Range to reproduce from the entries below: the line with "H Erle Reid", the line with "安赛瑞 保暖棉门帘 冬天加厚棉门帘(0.9×2.2m)", and every line in between. Give them exactly and give nothing else.
======== Supplied material
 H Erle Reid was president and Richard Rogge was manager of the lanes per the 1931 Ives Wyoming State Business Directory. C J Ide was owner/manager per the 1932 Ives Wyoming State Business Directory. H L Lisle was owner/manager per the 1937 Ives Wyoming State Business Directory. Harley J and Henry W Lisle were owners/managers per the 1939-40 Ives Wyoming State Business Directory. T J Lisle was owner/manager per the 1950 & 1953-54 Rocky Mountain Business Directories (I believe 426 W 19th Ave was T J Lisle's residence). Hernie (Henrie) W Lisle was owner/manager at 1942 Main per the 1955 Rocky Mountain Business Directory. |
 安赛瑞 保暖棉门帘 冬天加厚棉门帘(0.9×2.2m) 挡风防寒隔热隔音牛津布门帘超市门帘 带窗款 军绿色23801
================
======== Supplied material
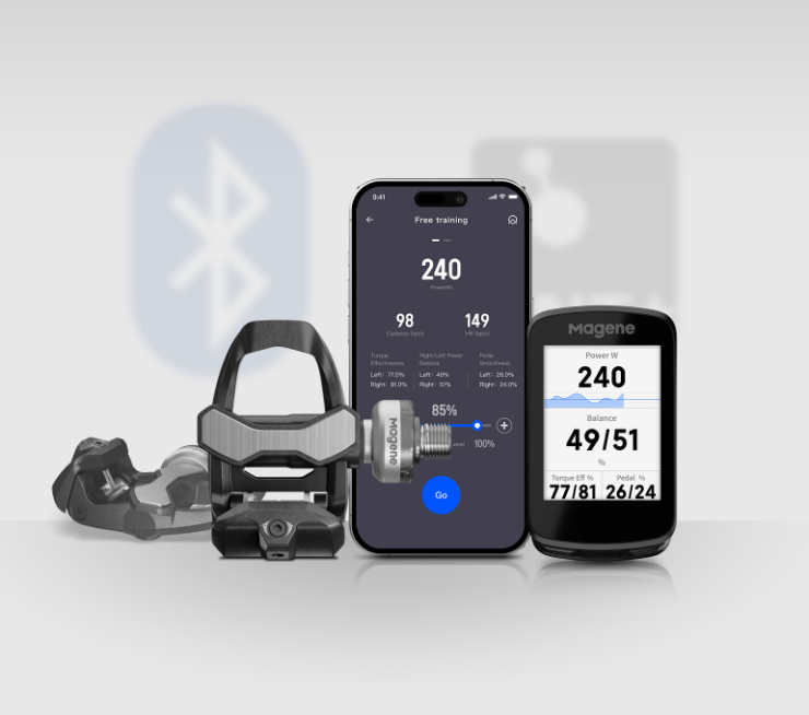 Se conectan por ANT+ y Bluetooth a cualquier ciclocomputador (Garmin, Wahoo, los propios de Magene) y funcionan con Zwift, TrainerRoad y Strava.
================
======== Supplied material
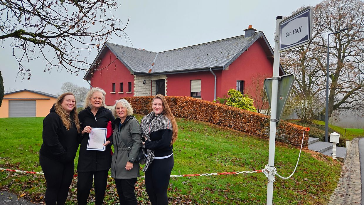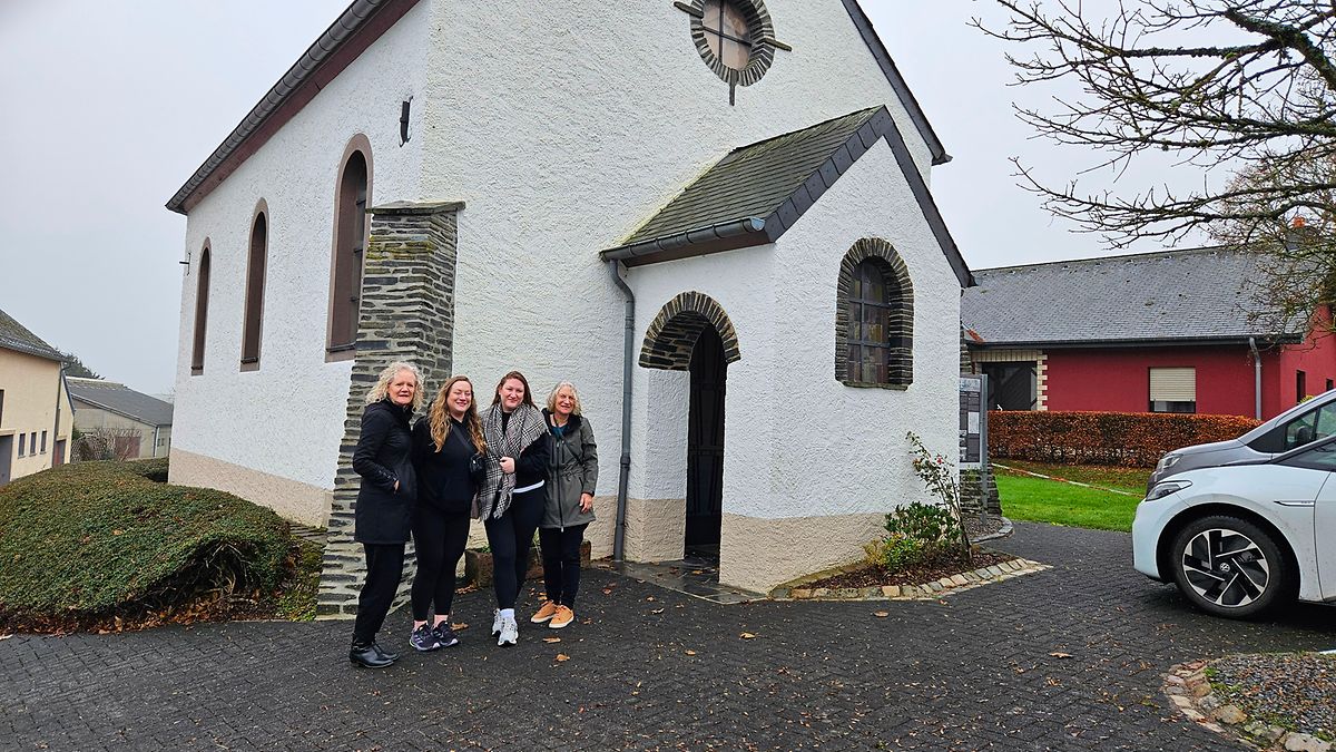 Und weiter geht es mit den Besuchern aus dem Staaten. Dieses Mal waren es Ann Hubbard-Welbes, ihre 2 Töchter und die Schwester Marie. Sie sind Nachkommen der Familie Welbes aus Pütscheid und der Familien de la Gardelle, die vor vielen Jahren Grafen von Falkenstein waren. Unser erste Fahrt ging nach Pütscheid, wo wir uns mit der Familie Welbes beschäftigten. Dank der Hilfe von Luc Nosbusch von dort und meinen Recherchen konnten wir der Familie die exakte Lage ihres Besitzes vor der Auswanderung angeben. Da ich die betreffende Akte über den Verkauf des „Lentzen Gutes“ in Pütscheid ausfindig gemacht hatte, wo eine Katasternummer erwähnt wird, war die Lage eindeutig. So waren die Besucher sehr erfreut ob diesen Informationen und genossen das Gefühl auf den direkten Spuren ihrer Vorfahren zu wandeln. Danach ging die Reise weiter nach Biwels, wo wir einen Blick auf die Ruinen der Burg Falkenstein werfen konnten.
================
• **Solved problem**
 H Erle Reid was president and Richard Rogge was manager of the lanes per the 1931 Ives Wyoming State Business Directory. C J Ide was owner/manager per the 1932 Ives Wyoming State Business Directory. H L Lisle was owner/manager per the 1937 Ives Wyoming State Business Directory. Harley J and Henry W Lisle were owners/managers per the 1939-40 Ives Wyoming State Business Directory. T J Lisle was owner/manager per the 1950 & 1953-54 Rocky Mountain Business Directories (I believe 426 W 19th Ave was T J Lisle's residence). Hernie (Henrie) W Lisle was owner/manager at 1942 Main per the 1955 Rocky Mountain Business Directory. |
 安赛瑞 保暖棉门帘 冬天加厚棉门帘(0.9×2.2m) 挡风防寒隔热隔音牛津布门帘超市门帘 带窗款 军绿色23801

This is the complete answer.